More metrics: BLEU (5+ pts)

Pick BLEU or any other relevant metric, e.g. BLEU (e.g. from nltk.bleu_score).

Train model to maximize BLEU directly
How does levenshtein behave when maximizing BLEU and vice versa?
Compare this with how they behave when optimizing likelihood.

(use default parameters for bleu: 4-gram, uniform weights)

Actor-critic (5+++ pts)

While self-critical training provides a large reduction of gradient variance, it has a few drawbacks:

It requires a lot of additional computation during training
It doesn't adjust V(s) between decoder steps. (one value per sequence)

There's a more general way of doing the same thing: learned baselines, also known as advantage actor-critic.

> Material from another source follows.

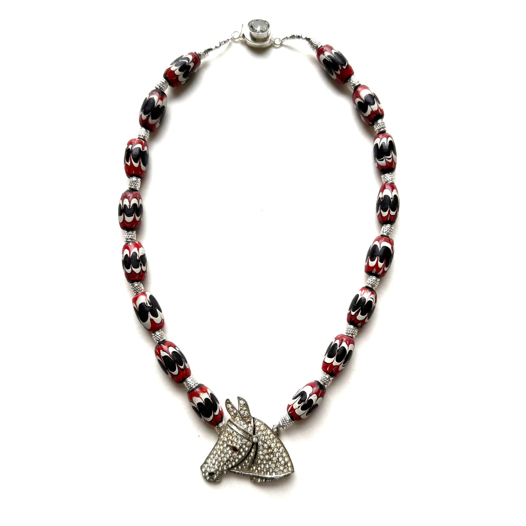 Never has there been a more Louisville look - and it was purely by happenstance! We discovered this likely-1930s enamel and rhinestone horse head brooch at a favorite flea market over the summer, knowing it would be cherished by one of our many equestrian-style-loving ladies here in the Bluegrass and beyond. Taking a cue from its black enamel bridle and red rhinestone eye, we spotted these handmade African glass beads and thought they'd make a nice accompaniment. When the design was complete, we realized we combined team colors from the University of Louisville (shout out to all the Cards fans in town!) AND a nod to Derby with the subtly shimmering horse at front center. The only thing more Louisville would be to dip this necklace in bourbon. (But how 'bout we just toast the necklace with it?) Clasped with a glass and silvered copper beauty at back, the necklace measures 18" length.

There are two main ways to apply that:

naive way: compute V(s) once per training example.
- This only requires additional 1-unit linear dense layer that grows out of encoder, estimating V(s)
- (implement this to get main points)
every step: compute V(s) on each decoder step
- Again it's just an 1-unit dense layer (no nonlinearity), but this time it's inside decoder recurrence.
- (+3 pts additional for this guy)

In both cases, you should train V(s) to minimize squared error $(V(s) - R(s,a))^2$ with R being actual levenshtein. You can then use $ A(s,a) = (R(s,a) - const(V(s))) $ for policy gradient.

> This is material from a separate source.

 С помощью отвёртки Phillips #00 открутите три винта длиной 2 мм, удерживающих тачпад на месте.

There's also one particularly interesting approach (+5 additional pts):

combining SCST and actor-critic:
- compute baseline $V(s)$ via self-critical sequence training (just like in main assignment)
- learn correction $ C(s,a_{:t}) = R(s,a) - V(s) $ by minimizing $(R(s,a) - V(s) - C(s,a_{:t}))^2 $
- use $ A(s,a_{:t}) = R(s,a) - V(s) - const(C(s,a_{:t})) $

Implement attention (5+++ pts)

Some seq2seq tasks can benefit from the attention mechanism. In addition to taking the last time-step of encoder hidden state, we can allow decoder to peek on any time-step of his choice.

Recommended steps:

1) Modify encoder-decoder

Learn to feed the entire encoder into the decoder. You can do so by sending encoder rnn sequences directly into decoder (make sure there's no only_return_final=True for encoder rnn layer).

class encoder:
    ...
    enc_sequences, (h, c) = self.lstm(x)
    ...

class decoder: 
    ...
    attention_applied = self.attn_layer(enc_sequences)
    h, c = self.lstm_decoder(prev_emb, (attention_applied, c))
    ...

For starters, you can take it's last tick (via SliceLayer) inside the decoder step and feed it as input to make sure it works.

2) Implement attention mechanism

Next thing we'll need is to implement the math of attention.

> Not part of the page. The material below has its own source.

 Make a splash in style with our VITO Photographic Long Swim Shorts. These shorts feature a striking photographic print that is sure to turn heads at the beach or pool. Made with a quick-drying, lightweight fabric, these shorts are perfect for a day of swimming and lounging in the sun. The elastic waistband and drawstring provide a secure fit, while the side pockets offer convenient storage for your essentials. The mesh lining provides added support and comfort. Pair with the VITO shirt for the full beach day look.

The simplest way to do so is to write a special layer. We gave you a prototype and some tests below.

3) Use attention inside decoder

That's almost it! Now use AttentionLayer inside the decoder and feed it to back to lstm/gru/rnn (see code demo below).

Train the full network just like you did before attention.

More points will be awwarded for comparing learning results of attention Vs no attention.

Bonus bonus: visualize attention vectors (>= +3 points)

The best way to make sure your attention actually works is to visualize it.

A simple way to do so is to obtain attention vectors from each tick (values right after softmax, not the layer outputs) and drawing those as images.

step-by-step guide:

compute scores between $h_{e, j}^i$ and $h_{d}^i$ $\forall j = 1, ... , \text{len(enc_seq)}$, where i -- number of decoder step
apply softmax to scores and get weight for each vector
obtain attention vector using enc_seq and weights